*YOUR INSTRUCTIONS*:
Give back every record below in full and exactly, but without a single image.

[MATERIAL PROVIDED Boundary: Start]

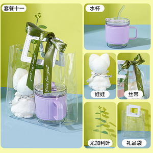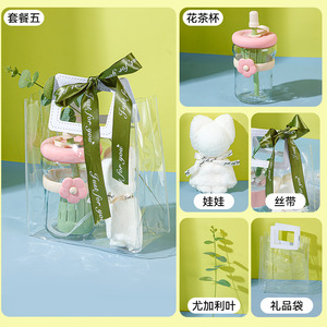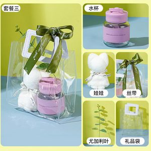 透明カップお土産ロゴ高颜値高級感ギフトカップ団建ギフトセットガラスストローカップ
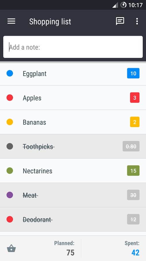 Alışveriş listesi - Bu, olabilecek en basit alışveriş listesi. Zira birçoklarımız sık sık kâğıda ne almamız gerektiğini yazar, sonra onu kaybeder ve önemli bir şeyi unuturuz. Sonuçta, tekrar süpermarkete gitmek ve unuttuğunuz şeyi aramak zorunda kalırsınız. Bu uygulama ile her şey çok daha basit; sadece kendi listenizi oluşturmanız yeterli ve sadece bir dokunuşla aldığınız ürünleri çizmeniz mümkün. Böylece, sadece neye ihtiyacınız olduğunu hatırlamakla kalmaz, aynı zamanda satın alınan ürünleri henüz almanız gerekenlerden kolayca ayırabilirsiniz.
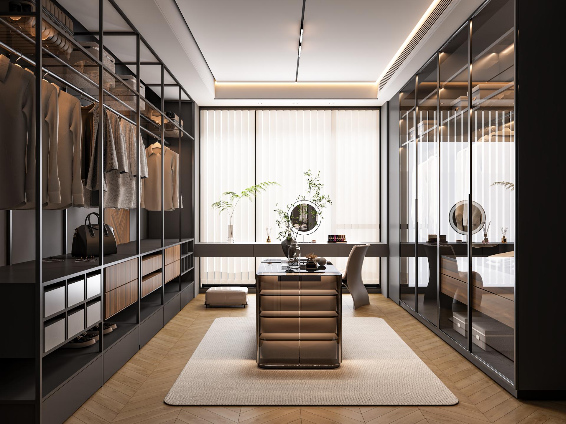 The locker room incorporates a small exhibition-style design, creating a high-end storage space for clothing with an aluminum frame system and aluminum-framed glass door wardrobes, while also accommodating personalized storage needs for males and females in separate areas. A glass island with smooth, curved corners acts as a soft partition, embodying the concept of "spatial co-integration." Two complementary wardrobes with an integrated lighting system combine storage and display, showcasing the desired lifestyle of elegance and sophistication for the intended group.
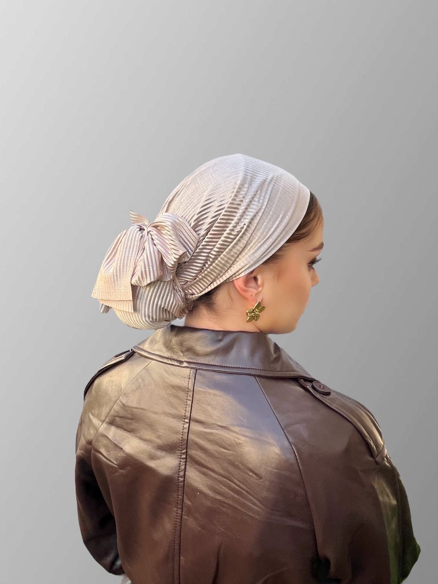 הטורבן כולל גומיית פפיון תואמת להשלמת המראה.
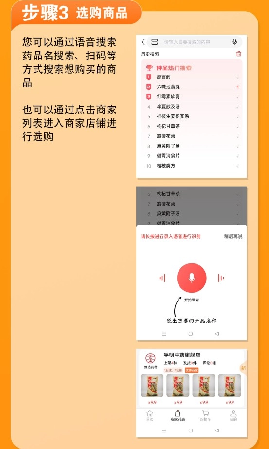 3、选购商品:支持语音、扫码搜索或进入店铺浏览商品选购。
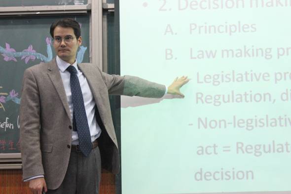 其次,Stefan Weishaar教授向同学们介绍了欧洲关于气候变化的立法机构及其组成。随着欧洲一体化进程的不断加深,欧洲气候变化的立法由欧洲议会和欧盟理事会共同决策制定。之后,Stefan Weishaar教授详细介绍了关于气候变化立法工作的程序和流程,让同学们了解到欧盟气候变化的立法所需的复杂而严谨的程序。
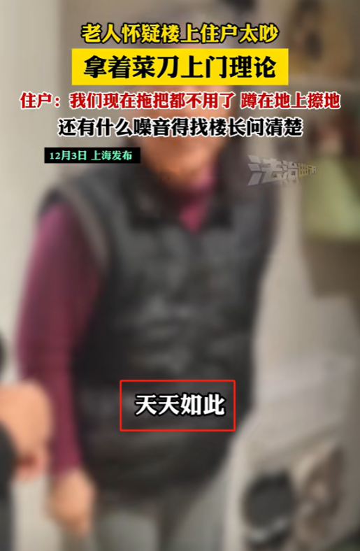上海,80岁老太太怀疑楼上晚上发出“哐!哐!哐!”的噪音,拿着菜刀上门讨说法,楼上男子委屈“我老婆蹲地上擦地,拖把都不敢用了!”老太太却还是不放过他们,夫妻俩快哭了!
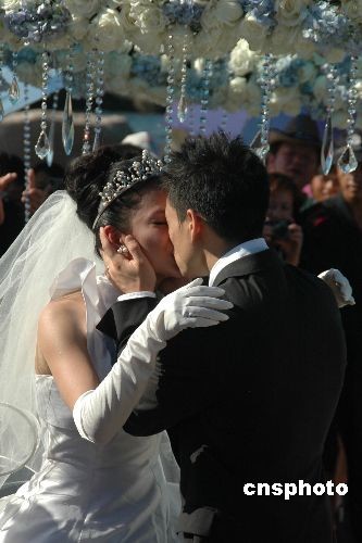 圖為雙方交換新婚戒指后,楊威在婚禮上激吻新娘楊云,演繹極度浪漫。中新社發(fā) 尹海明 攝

[MATERIAL PROVIDED Boundary: End]

*WRITTEN ANSWER*:
 透明カップお土産ロゴ高颜値高級感ギフトカップ団建ギフトセットガラスストローカップ
 Alışveriş listesi - Bu, olabilecek en basit alışveriş listesi. Zira birçoklarımız sık sık kâğıda ne almamız gerektiğini yazar, sonra onu kaybeder ve önemli bir şeyi unuturuz. Sonuçta, tekrar süpermarkete gitmek ve unuttuğunuz şeyi aramak zorunda kalırsınız. Bu uygulama ile her şey çok daha basit; sadece kendi listenizi oluşturmanız yeterli ve sadece bir dokunuşla aldığınız ürünleri çizmeniz mümkün. Böylece, sadece neye ihtiyacınız olduğunu hatırlamakla kalmaz, aynı zamanda satın alınan ürünleri henüz almanız gerekenlerden kolayca ayırabilirsiniz.
 The locker room incorporates a small exhibition-style design, creating a high-end storage space for clothing with an aluminum frame system and aluminum-framed glass door wardrobes, while also accommodating personalized storage needs for males and females in separate areas. A glass island with smooth, curved corners acts as a soft partition, embodying the concept of "spatial co-integration." Two complementary wardrobes with an integrated lighting system combine storage and display, showcasing the desired lifestyle of elegance and sophistication for the intended group.
 הטורבן כולל גומיית פפיון תואמת להשלמת המראה.
 3、选购商品:支持语音、扫码搜索或进入店铺浏览商品选购。
 其次,Stefan Weishaar教授向同学们介绍了欧洲关于气候变化的立法机构及其组成。随着欧洲一体化进程的不断加深,欧洲气候变化的立法由欧洲议会和欧盟理事会共同决策制定。之后,Stefan Weishaar教授详细介绍了关于气候变化立法工作的程序和流程,让同学们了解到欧盟气候变化的立法所需的复杂而严谨的程序。
上海,80岁老太太怀疑楼上晚上发出“哐!哐!哐!”的噪音,拿着菜刀上门讨说法,楼上男子委屈“我老婆蹲地上擦地,拖把都不敢用了!”老太太却还是不放过他们,夫妻俩快哭了!
 圖為雙方交換新婚戒指后,楊威在婚禮上激吻新娘楊云,演繹極度浪漫。中新社發(fā) 尹海明 攝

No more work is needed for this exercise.